Lancio di bottigliette, accendini, monetine, sputi…e minacce. Questo sarebbe il corollario di una partita di calcio, esattamente di Roma-Fiorentina andata in scena il 19 marzo 2015 in Europa League e terminata per 3-0 a favore dei viola. I tifosi giallorossi non hanno risparmiato nulla ai propri giocatori dopo una sconfitta così pesante, ma l’accusa che viene rivolta agli stessi ultras va oltre quella gara, perché per gli inquirenti c’era in atto una vera e propria strategia volta “a creare disordini e a turbare l’ordinato svolgimento delle competizioni sportive in cui è coinvolta la squadra di calcio A.S. Roma, così contribuendo anche ad intimidire i giocatori della squadra medesima”.
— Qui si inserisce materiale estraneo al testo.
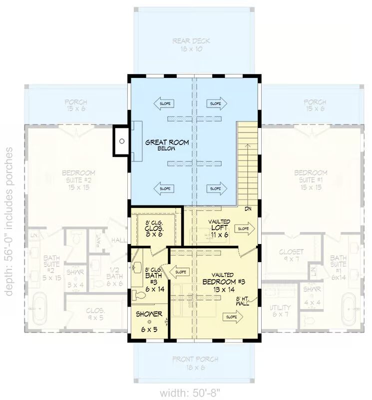 Both main-level bedrooms open to their own private covered porches (15′ x 6′), and the great room extends to a spacious 18′ x 10′ rear porch, perfect for outdoor relaxation.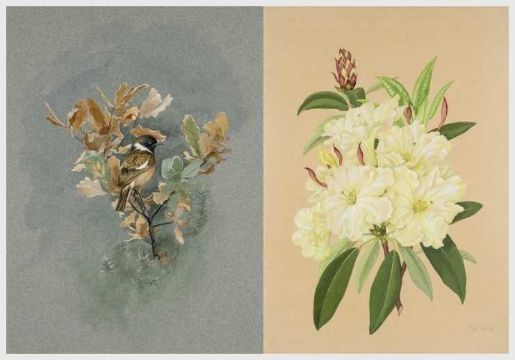 ‡ D. BOVEY watercolour - a bunch of rhododendrons, signed, 49 x 35cms, framed and glazed, GEORGE ROE watercolour - entitled verso, 'Stonechat', signed with initials, 39 x 29cms, framed and glazed (2)Provenance: private collection ConwyComments: in description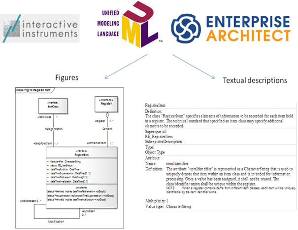 어떤 특별 그룹(ref ISO/TC 211 resolution 633)에서는 2013년, ISO TC/211 표준의 모델-파생 문서화에 대해 연구하였다. Enterprise Architect 및 ShapeChange를 위한 템플릿이 개발되었으며, github.com/ISO-TC211/UML-Best-Practices/wiki/DocumentationOfUmlModels 에서 볼 수 있다. 템플릿은 많이 사용되지 않았으며, 아마도 ISO 19135-1에서만 사용되었다. 하지만, ISO 19170-1은 EA로부터, EA => ShapeChange => Metanorma => ISO 문서 로 생성된 바 있다. 이 특별 그룹은 모델-파생 문서화에 대한 접근법 및 ISO/TC 211 표준화 프로젝트에서 활용하는 방법에 대해 연구할 것이다.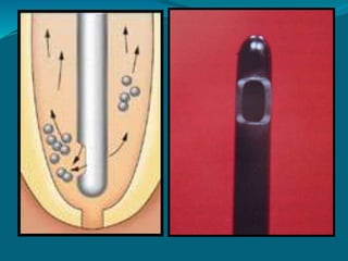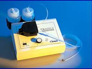 Este documento describe diferentes soluciones irrigadoras utilizadas en endodoncia, incluyendo hipoclorito de sodio, clorhexidina, EDTA, y asociaciones como EDTAC. Explica sus propiedades químicas, mecanismos de acción, y efectividad contra microorganismos. También analiza factores que influyen en la eficacia de la irrigación y nuevas tecnologías como ultrasonido y láser.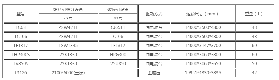 【移動式建筑垃圾破碎站技術參數】:
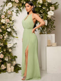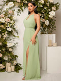 Enchanting Belle Keyhole Neck Split Thigh Bridesmaid Dress in Mint Green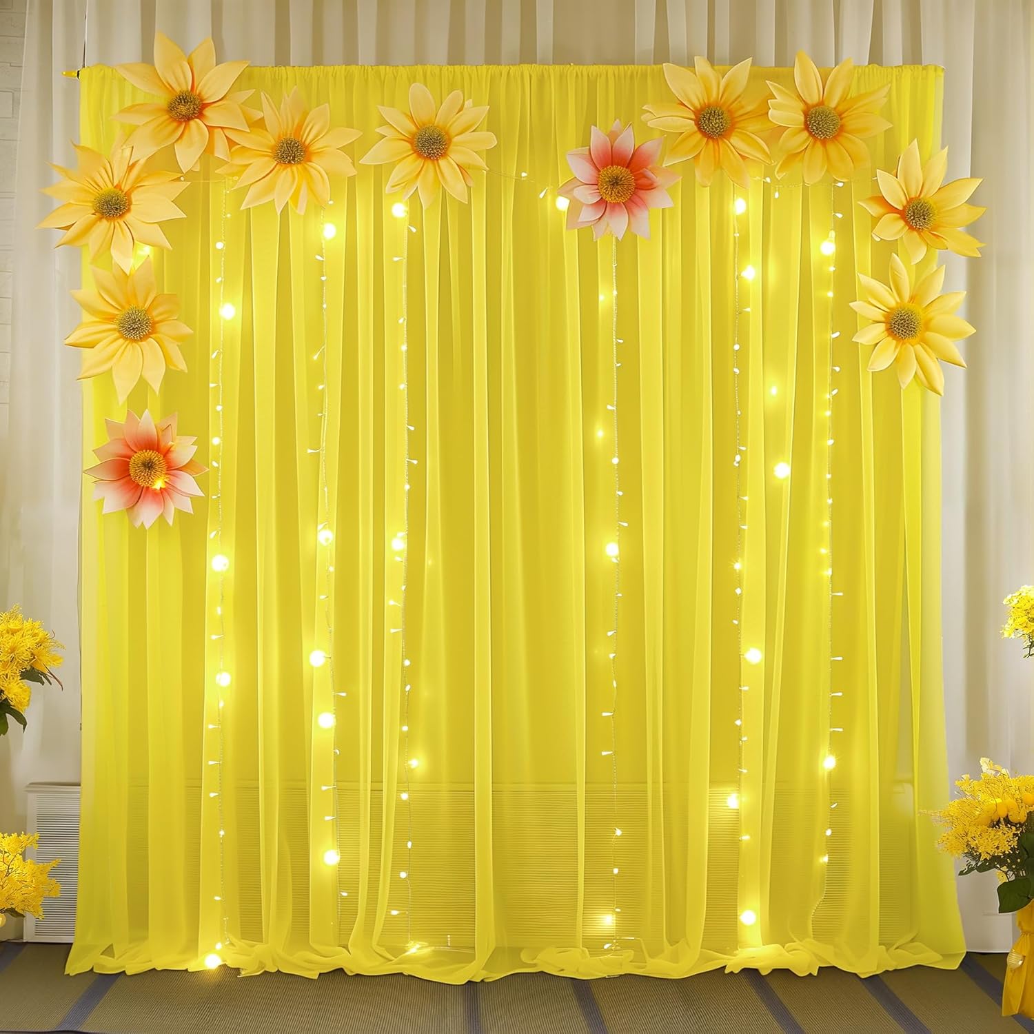 - Elegant Draping Fabric - The yellow backdrop drapes are made of premium quality glossy chiffon fabric,soft and durable. The sheerness is perfect for putting curtain lights behind them. Easy to get these sheer backdrop curtains crease and wrinkle free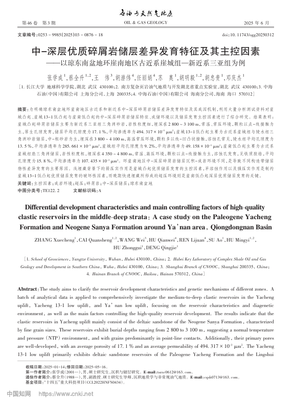 VSport23级研究生张学成以第一作者身份在中文EI检索期刊《石油与天然气地质》上发表了题为“中-深层优质碎屑岩储层差异发育特征及其主控因素——以琼东南盆地环崖南地区古近系崖城组—新近系三亚组为例”的研究论文,VSport为论文第一署名单位,其导师蔡全升副教授为论文通信作者。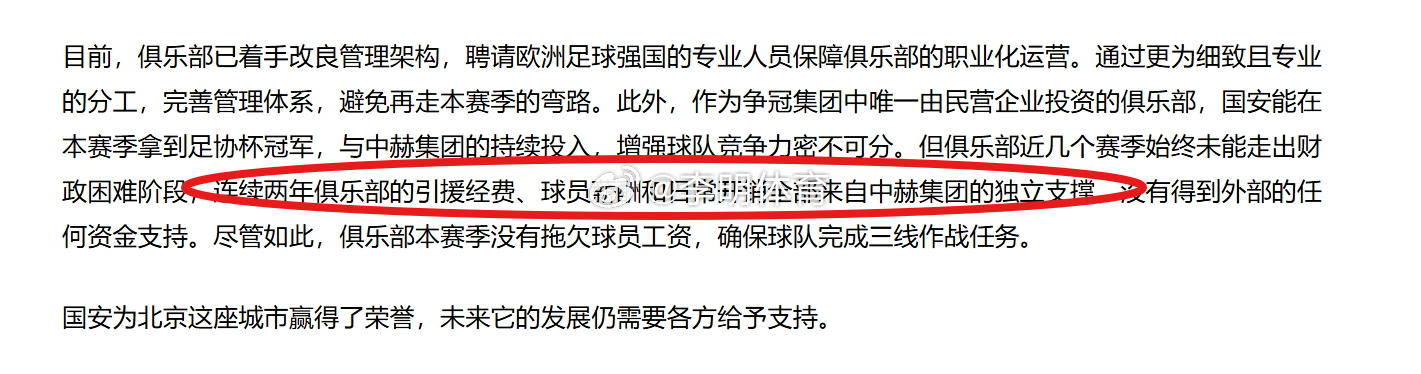 今日官媒发布一篇关注北京国安的文章 主要是说最近钱都是中赫筹集的,但之前也说过上面给了国安资金其实,这部分是借款,利息也要付俱乐部就没动,也看看自己的能力是不是能够赚到其实,除了中赫外,衍生品、门票、周边都是大头,还有大锅饭分到的转播版权和装备。毕竟工体也是中赫的,所以场租省去一大块,门票都是净赚,除了灯光、安保、医疗等每场的投入。另外,衍生品的孚德的合作也很成功,这部分国内就是孚德和聚星两个公司。当然,如果版权开放、装备开放,国安这个体量和还能有不少收入。期待徐老师能够给国安带来更多的营销收入!中超联赛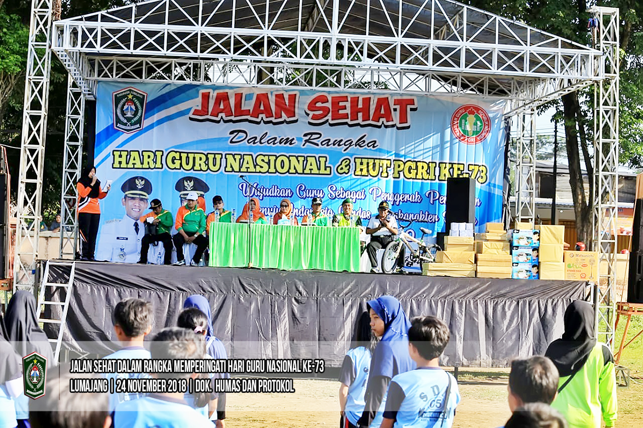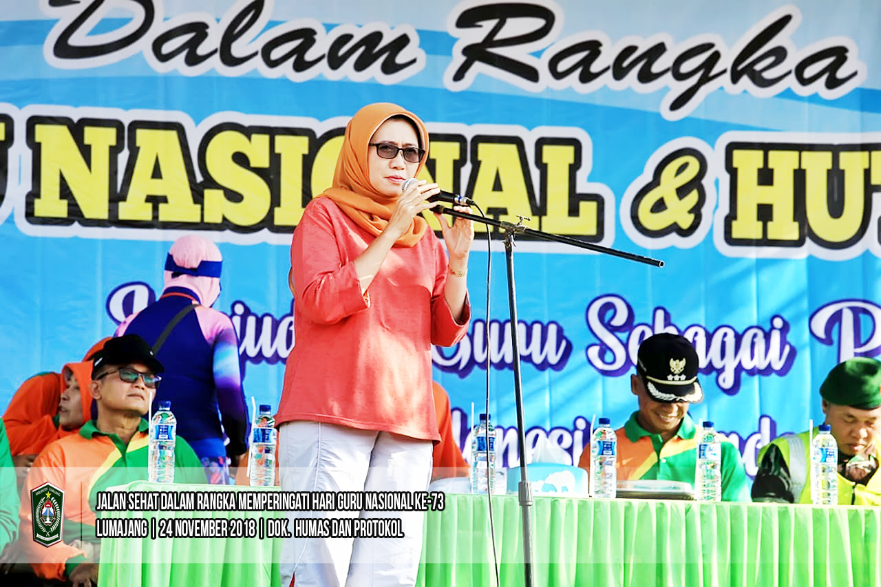 Hal tersebut disampaikan oleh Wakil Bupati Lumajang Indah Amperawati (Bunda Indah) saat memberangkatkan ribuan peserta jalan sehat dalam rangka memperingati Hari Guru Nasional ke-73, dengan tema “Wujudkan Guru sebagai Penggerak Perubahan Menuju Indonesia Cerdas Berkarakter dalam Revolusi Industri”, bertempat di Lapangan Minak Koncar Desa Kutorenon Kecamatan Sukodono, Sabtu (24/11/2018) pagi.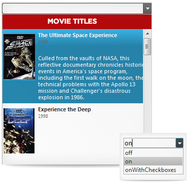 The igCombo control is a jQuery combo box which supports virtualization, auto-complete, auto-suggest, multiple selection, and item templates. With the igCombo control you can create drop downs that accept text entries as well as options selected from the items list. Further information regarding the classes, options, events, methods and themes of this API are available under the associated tabs above.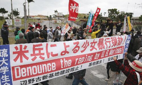 冲绳县民众反对美军新建基地。资料照
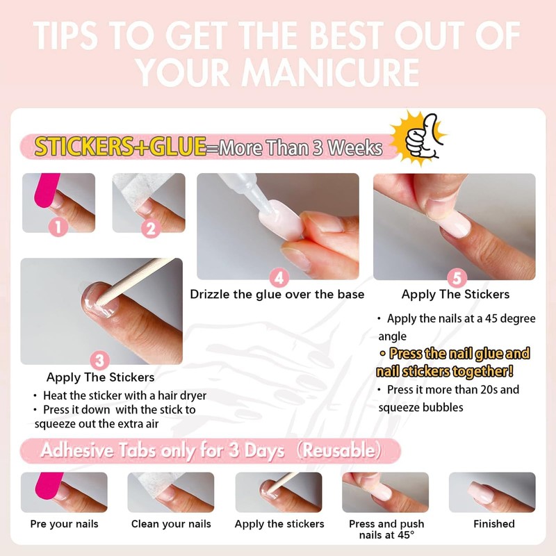 3. High quality: our stick on false nails are made of high quality ABS material. After several improvements, we have chosen the ideal radius and thickness to ensure a natural look and maximum comfort. These false nails provide a perfect manicure experience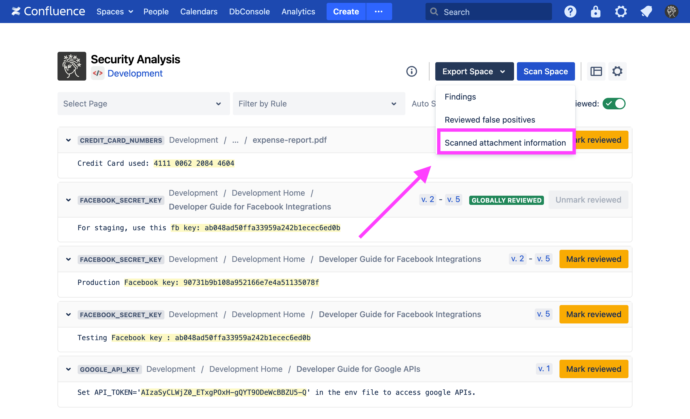 From the Security Analysis page, you can export attachment scan information for a specific space: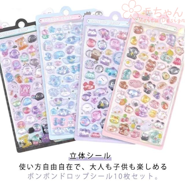 10枚セット ボンボンドロップシール ご褒美シール 可愛い 3D立体 装飾用 スマホケース DIY用 手作り 手帳 ステッカー アルバム 子供用 デコシール 幼児用 3Dシール 日記帳用 キャラクター 手芸用 送料無料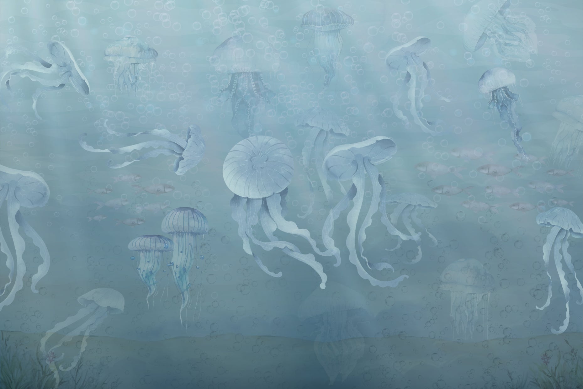 Dive into serene ocean vibes with the Watercolor Jellyfish Ocean Wallpaper. This enchanting underwater wallpaper features graceful jellyfish drifting through soft, blue waters, surrounded by delicate bubbles and subtle schools of fish. The watercolor design adds an artistic, calming touch, perfect for bedrooms, bathrooms, or living areas seeking a coastal aesthetic. Its soothing hues and fluid motion bring a peaceful, ocean-inspired feel to any space. Ideal for creating a tranquil retreat, this underwater wallpaper blends nature and art beautifully, making it a standout choice for those who love the sea's quiet elegance.

La Digos ha interrogato i calciatori della Roma che quel giorno c’erano ed emerge un quadro sconfortante: “De Rossi e Totti sono stati omertosi” è l’accusa che viene fatta ai due giocatori più rappresentativi della squadra capitolina. Iturbe invece racconta un fatto particolare che vede protagonista anche Davide Astori, ora centrale della Fiorentina, ma all’epoca elemento difensivo della Roma: “Un tifoso che era a cavalcioni sulla cancellata mi ha chiesto di dargli la maglia. Pensavo che volesse la mia maglia in regalo e me la stavo levando, ma il mio compagno Astori mi ha invitato a non farlo e io non l’ho più levata”.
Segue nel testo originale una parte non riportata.